Melanoma, the most lethal human skin cancer, shows an alarming rate of increase worldwide and causes >7,000 deaths annually in the United States alone (1–3). Epidemiological evidence has established that a history of sunburn and intermittent exposure to UV light, particularly early in life, promotes melanoma development (4, 5). This epidemiological association is strong and is causally linked by investigations using human skin grafts (6, 7). However, the specific molecular targets, if any, of this environmental carcinogen are not known. Although the finding of C>T point mutations (“UV-signature”) of p16^INK4a in human melanoma suggested its targeting by this carcinogen in humans (8–10), the observation of a similar C>T mutation bias in glioma (reviewed in ref. 11), a non-UV induced tumor, has called this conclusion into question.
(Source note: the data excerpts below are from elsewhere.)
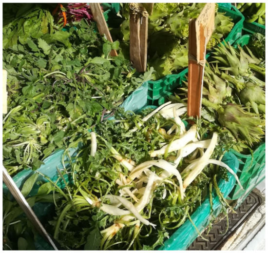 Similarly, von Heldreich [27] classified the wild greens used by Greeks into three main categories: (a) Lahana—those wild greens, mainly bitter Asteraceae, which represent proper vegetables and the pillar of local sustenance (in turn grouped into those considered the best ones and those considered of secondary quality and only occasionally gathered); (b) wild greens predominately used raw as appetizers (mainly Brassicaceae); and (c) wild vegetable snacks, mainly consumed for leisure (green wild Fabaceae fruits, wild artichokes, garlic, Crocus spp. corms, Scorozonera roots, and young shoots of wild asparagus, Dioscorea, Smilax, and Ruscus spp.).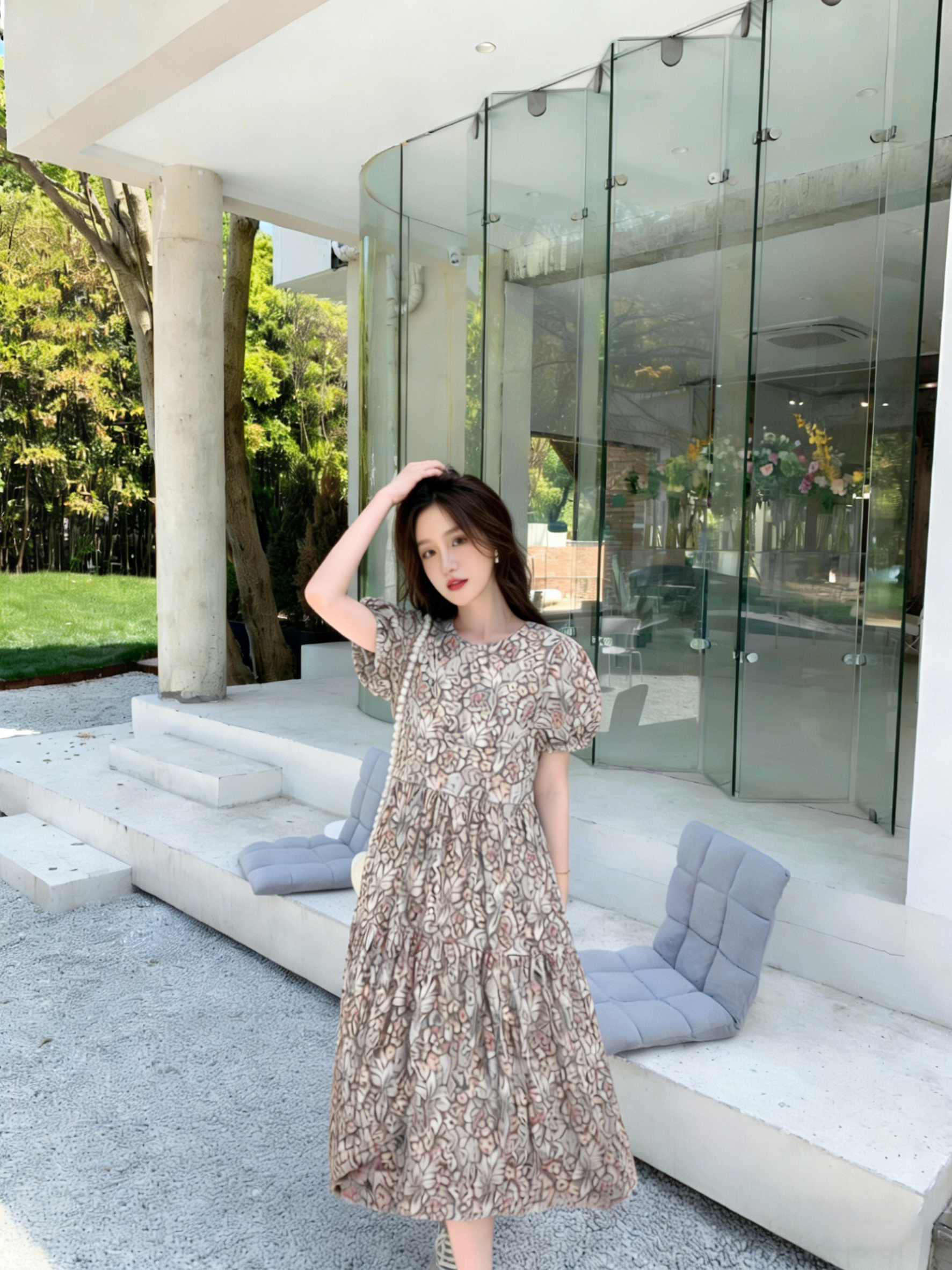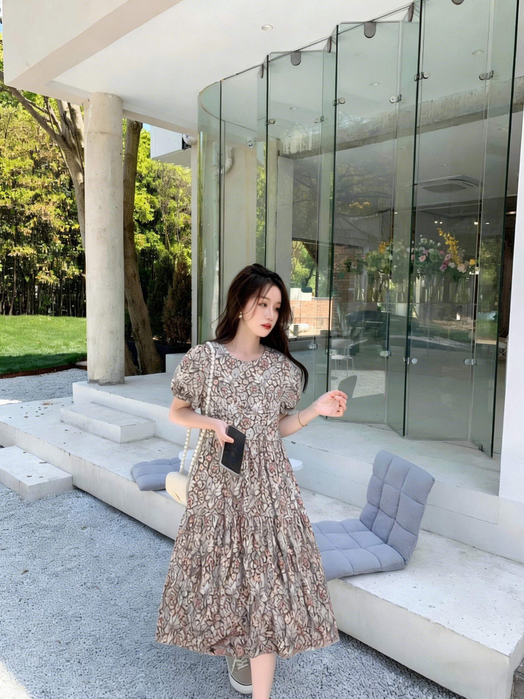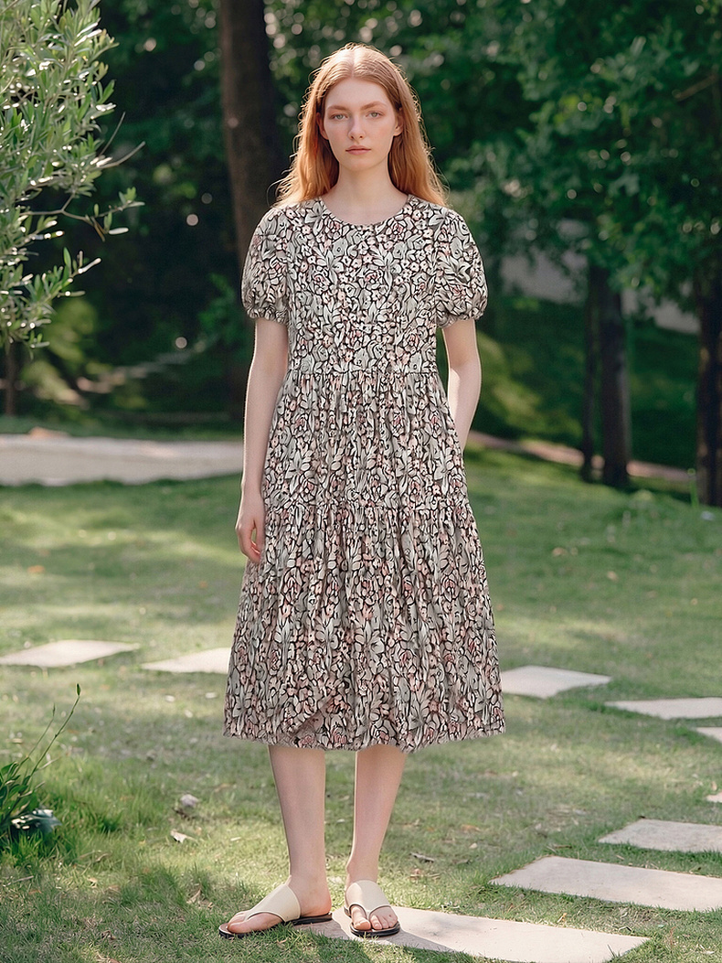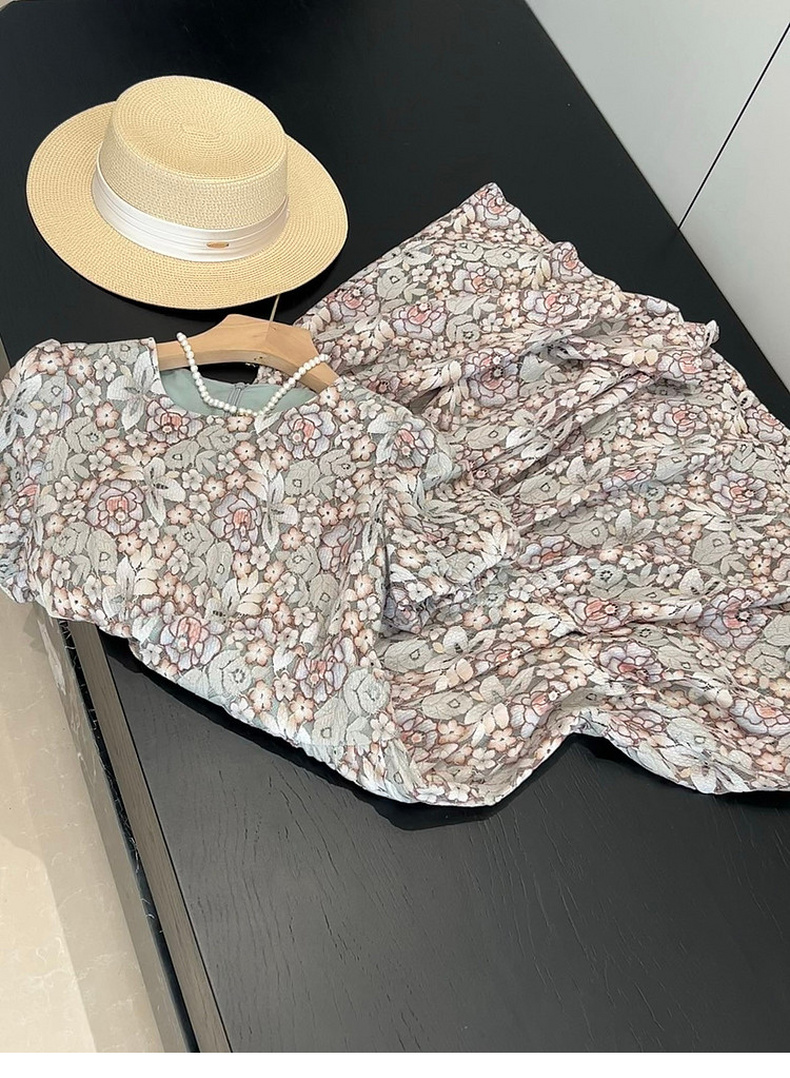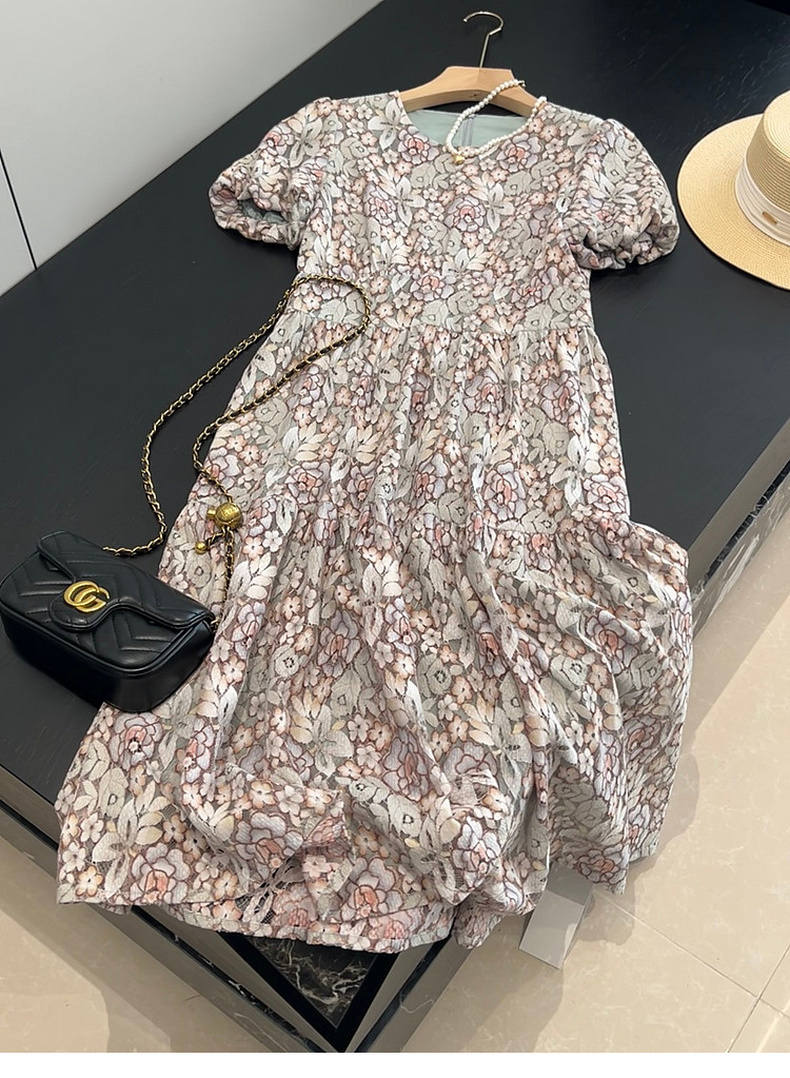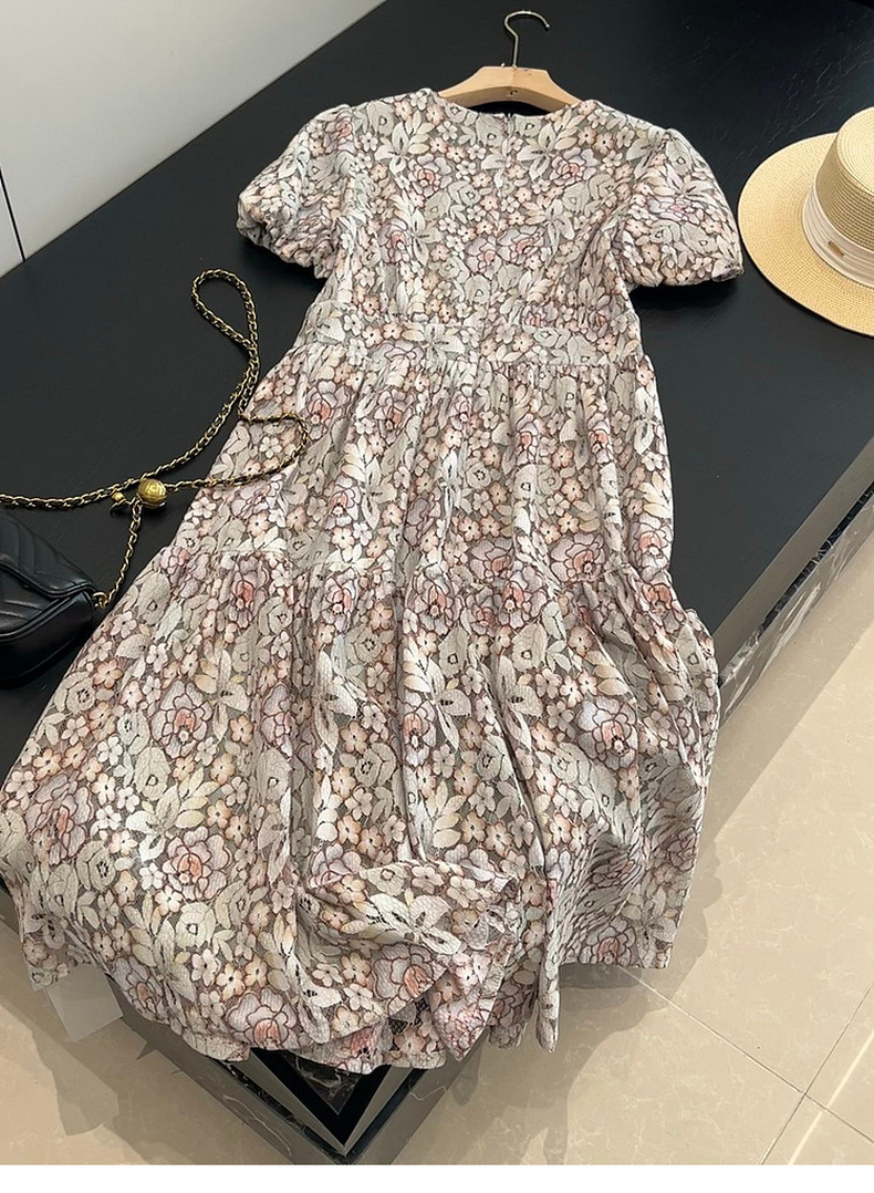 天猫同步【浪漫莫奈花园】拉夏贝尔/La Chapelle高端轻奢!简约花朵小众设计短袖长裙泡泡袖修身小裙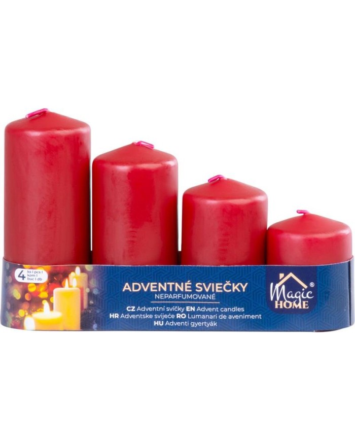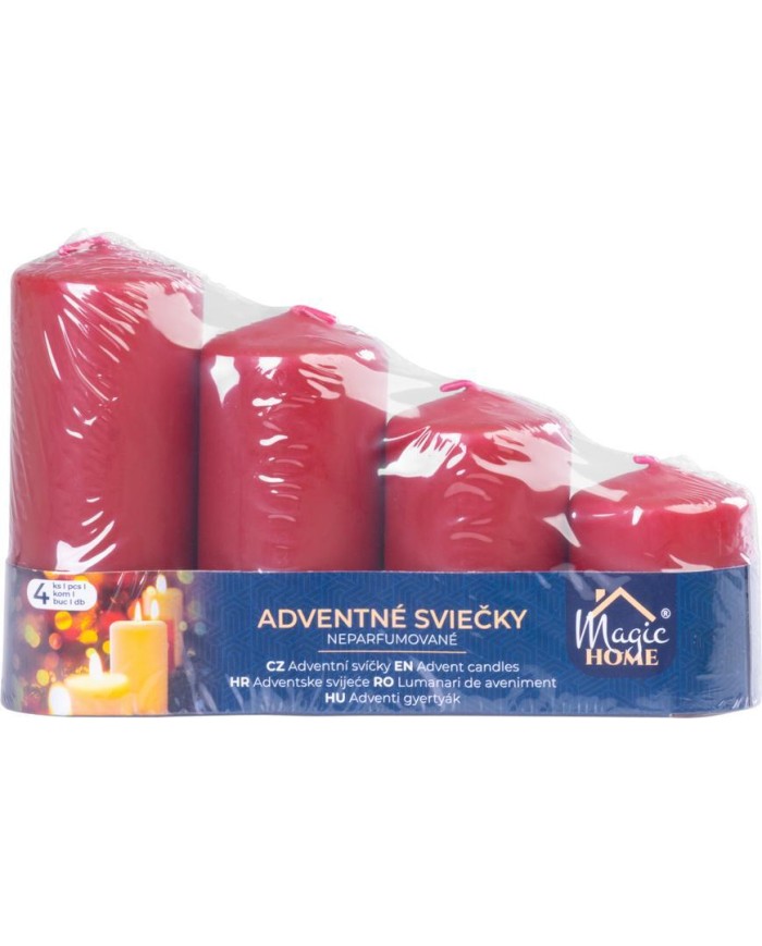 Adventné sviečky MagicHome skvele dotvoria čarovnú atmosféru Vianoc u Vás doma. Perfektne sa hodia na dotvorenie do advetných vencov či dekorácií. 4 rôzne výšky - 4,8x6 cm - váha vosku 85g, 4,8x8 cm - váha vosku 110 g, 4,8x10 cm - váha vosku 140 g, 4,8x12 cm - váha vosku 170 g. Farba: bordová.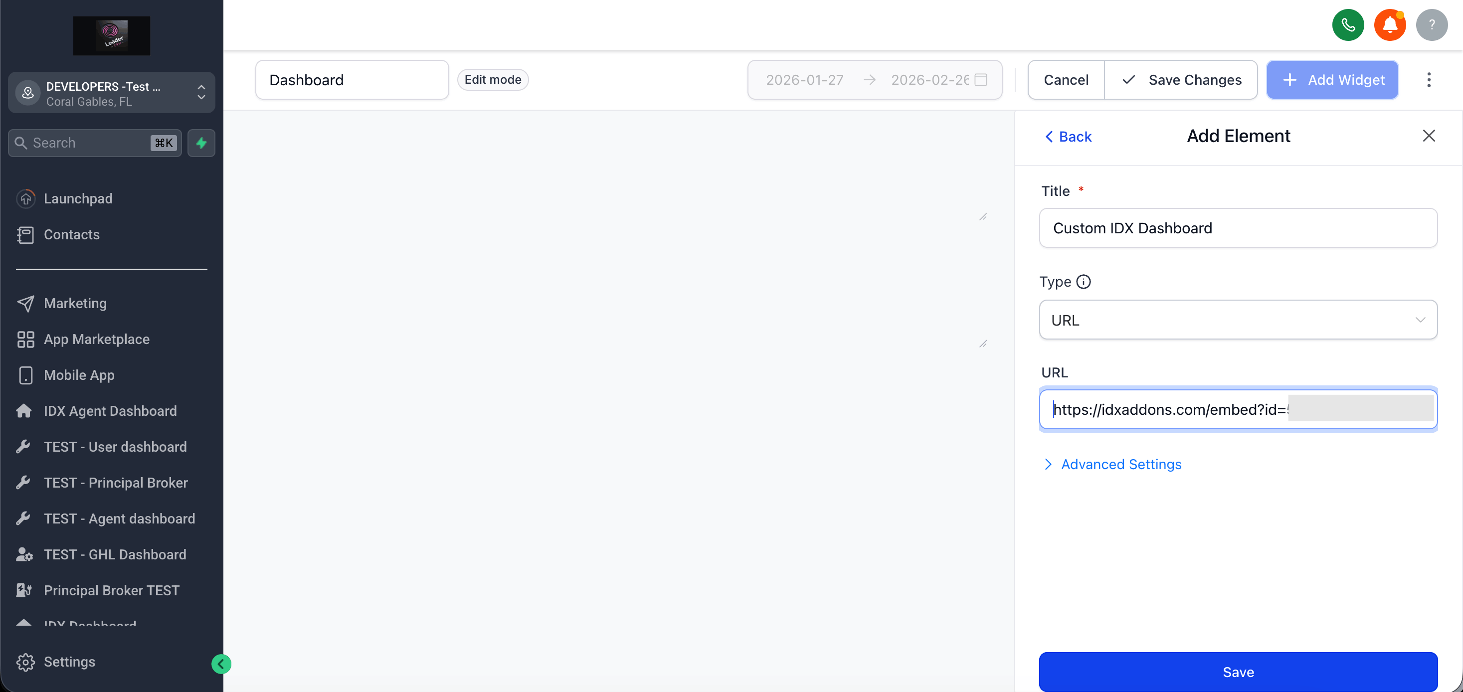 - Paste the Custom Dashboard URL.

Alternatively, the relationship between p16^INK4a and melanoma has been explained by the observation that UV light can induce p16^INK4a expression in human melanocytes (12, 13), thereby implying a role for p16^INK4a in the repair of UV-induced lesions. Finally, several groups have suggested that UV functions in a noncell autonomous manner to facilitate melanoma either by inducing immune suppression (14) or by eliciting the elaboration of tumor-promoting paracrine factors (15). Thus, a definitive UV-p16^INK4a link, and the nature of this interaction, has yet to be clarified on either the molecular, physiological, or genetic levels.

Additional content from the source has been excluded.